Жизнь Марии Шкапской – роман, и страшный роман. Тут было все – любовь, смерть, безумие, нищета, прижизненное забвение. Она родилась в Петербурге 3 октября 1891 года, старшим ребенком в полунищей семье. Отец – русский, Михаил Андреевский, из священников, мелкий чиновник в Министерстве земледелия; мать – такая же чистокровная немка, дочь скрипача Мариинского театра. После Шкапской родилось еще четверо детей, и нищета была такая, что с одиннадцати лет Мария стала в семье едва ли не главной кормилицей. Мать лежала в параличе, отец медленно сходил с ума. Мария стирала белье, занималась перепиской, случалось – и рылась в помойках Петербургской стороны. Все это время она за казенный счет училась в Петровской гимназии и уже в старших классах ее – что при хронической нищете и бурном темпераменте вполне объяснимо – ходила в революционные кружки.

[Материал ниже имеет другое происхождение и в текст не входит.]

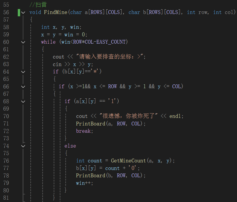 以上是雷游戏核心逻辑的代码。 FindMine 函数负责游戏流程:

Любимым ее поэтом был тогда Надсон, и писала она исключительно «под Надсона», хотя вместо его благозвучной и стыдливой слезливости у нее уже и в отроческих стихах много бесстыдного надрыва. До жалоб она не опускалась и тогда: двенадцатилетняя Шкапская написала довольно страшные для девочки ее возраста стихи, в которых утверждала, что «В миру есть место лишь бойцам». Отчасти это был приговор себе – но бойцом она таки стала, иначе не состоялась бы.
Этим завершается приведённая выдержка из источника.